3.4 Encapsulation and word picture catfish oil: I?-cyclodextrin
Phase solubility surveies will be carried out following method of Higuchi and Connors ( 1965 ) to find the molar ratio of FO: I?-CD. An extra sum of fish oil ( 20mg ) will be added to screw-capped phials incorporating I?-CD in 5.0 milliliter of ethyl alcohol: H2O ( 25:75 v/v ) solution at assorted concentrations, runing from 0 to 15 Mm for I?-CD. The phials will be shaked at 30 OC for 48 hours in a H2O bath until reached equilibrium. The samples will be centrifuged at 3000rpm for 10 proceedingss. After attainment of equilibrium, the contents of the tubing will be filtered through Whatman filter paper. The infusions will be pooled together and evaporated to 1 milliliter. Inclusion composite of catfish oil: I?-CD will be prepared by utilizing:
3.4.1 Co-precipitation method
Co-precipitation method will be carried out following method of Waleczek et al. , 2003. FO will be added to screw-capped phials incorporating I?-CD in ethyl alcohol: H2O ( 25:75 v/v ) mixture of 5ml. The phials will be agitating at 30 OC until equilibrium reached in H2O bath for 48 hours. The samples will be centrifuged at 3000 revolutions per minute for 10 proceedingss. The supernatant will be decanted to organize the complex as microcrystalline precipitate. The merchandise obtained will be dried in oven at 40 OC for 48 hours. The dried mass will be sieved through 150Aµm mesh.
3.4.2 Kneading method
Kneading method will be carried out following method of Zhang et al. , 2005. A molar ratio of I?-CD and fish oil that will be determined by stage solubility survey will be added in howitzer and kneaded for 45minutes. While working, 40 % of ethyl alcohol: H2O ( 25:75 v/v ) mixture will be added to the mixture to keep proper consistence. The merchandises will be dried in oven at 40 OC for 48hours. The dried mass will be sieved through 150 Aµm mesh.
3.4.3 Physical method
Kneading method will be carried out following method of Zhang et al. , 2005. For control, physical mixture of the same weight ratio of fish oil: I?-CD will be prepared by dry-pestling in a howitzer and kneaded for 5 proceedingss to obtain homogeneous blend.
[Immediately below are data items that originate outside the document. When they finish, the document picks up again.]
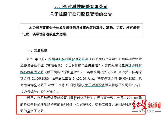 7月1日,金时科技(002951.SZ)发布公告,公司与经纬晨旭签署《股权转让协议》,经协商一致,拟以1元的价格受让经纬晨旭持有的深圳金时材料科技有限公司(简称“深圳金时”)49.00%股权。
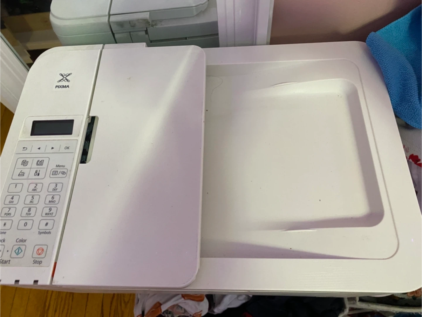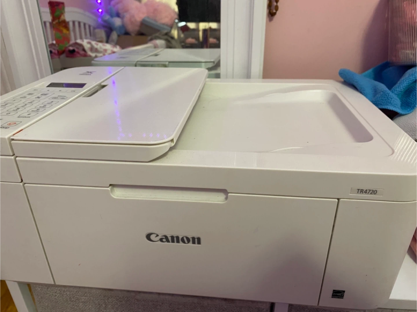 This is a white Canon PIXMA TR4720 all-in-one printer. It's capable of printing, scanning, and copying. Includes a document feeder for scanning multiple pages.
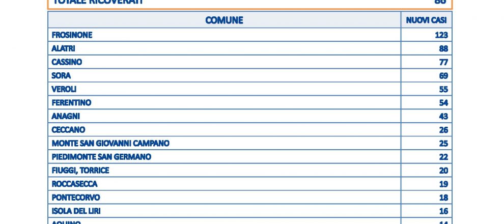 Covid – Anche oggi oltre i 1000 casi in provincia di Frosinone, muore un 87enne di Alatri con patologie pregresse
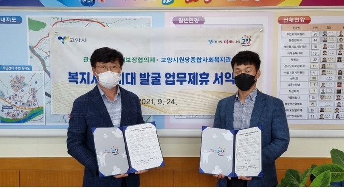 [부자동네타임즈 김인수기자] 고양시 덕양구 관산동 지역사회보장협의체(공공위원장 서병하)가 지난 24일 관산동 행정복지센터에서 고양시 원당종합사회복지관(관장 황의철)과 ‘관산동 복지사각지대 계층의 사회안전망 역할과 복지증진을 위한 상호협력 기반 구축’을 위한 업무 제휴 서약식을 가졌다.
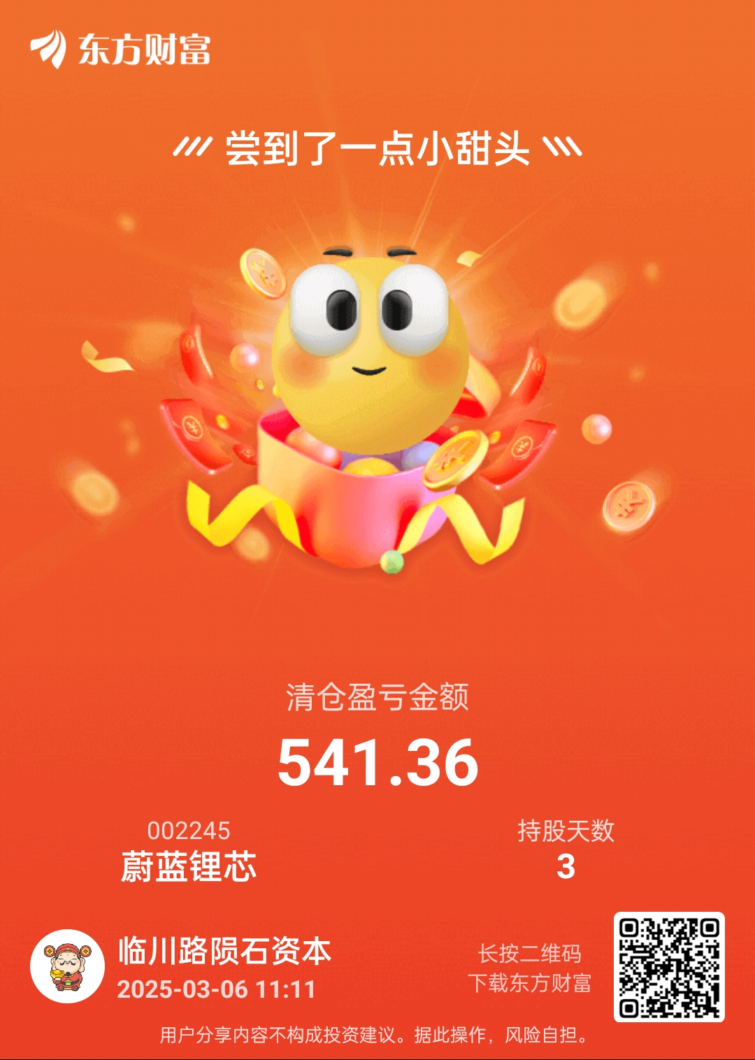 $蔚蓝锂芯(SZ002245)$ 小赚一点米,溜溜球
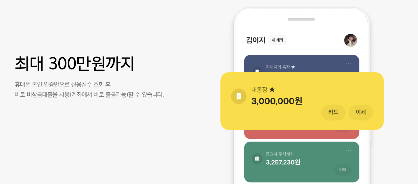 카카오뱅크의 비상금대출은 소액의 자금이 필요할 때 간편하게 이용할 수 있는 모바일 전용 대출 상품입니다. 무직자, 주부, 학생 등 소득 증빙이 어려운 분들도 신청 가능하다는 점이 가장 큰 특징이에요.
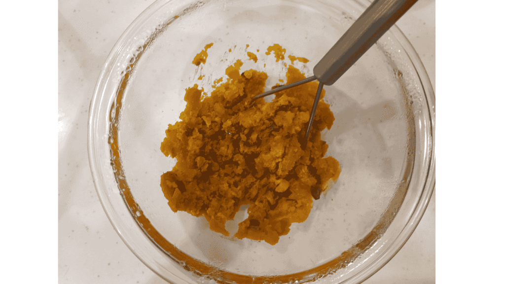 - 柔らかくなったかぼちゃを、フォーク又はマッシャーでつぶす。
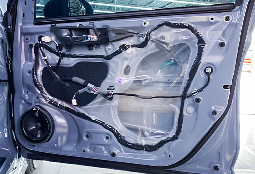 แผงประตูหน้ารถยนต์ HONDA CITY ก่อนติดตั้งแผ่นแดมป์และลำโพงชุดใหม่
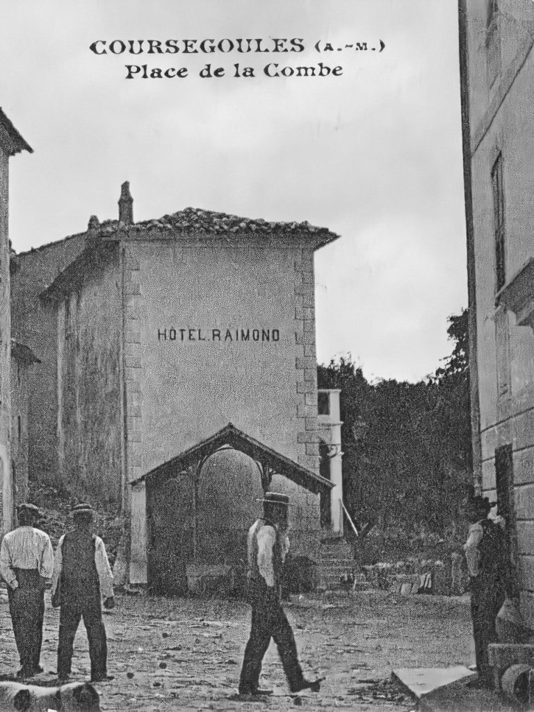- l’apparition des « touristes », et l’ouverture à Coursegoules du premier établissement hôtelier de qualité, l’Hôtel Raimond, dès la fin du XIXème siècle.

Word picture of catfish oil: I?-CD inclusion composite will be done by FTIR, FESEM and DSC.
3.5 Stability of fish oil
Oil Stability Index ( OSI ) will be determined at 100 OC and 20 milliliter air/hr utilizing Rancimat setup following AOCS Method ( AOCS, 1994 ) . The Rancimat setup will be used with two rating manners, I ) initiation period ( clip matching to inflection point in the oxidization curve ) and ii ) clip to delta K ( clip needed to accomplish a specific difference in conduction, here will be selected is in 25AµS cm-1.
3.6 Statistical Analysis
Data analysis will be done by utilizing analysis of discrepancy ( ANOVA ) . Comparison of agencies will be carried out by Duncan ‘s multiple scope trials ( P & lt ; 0.05 ) . Statiscally analysis will be performed by utilizing SPSS 10 for Windows.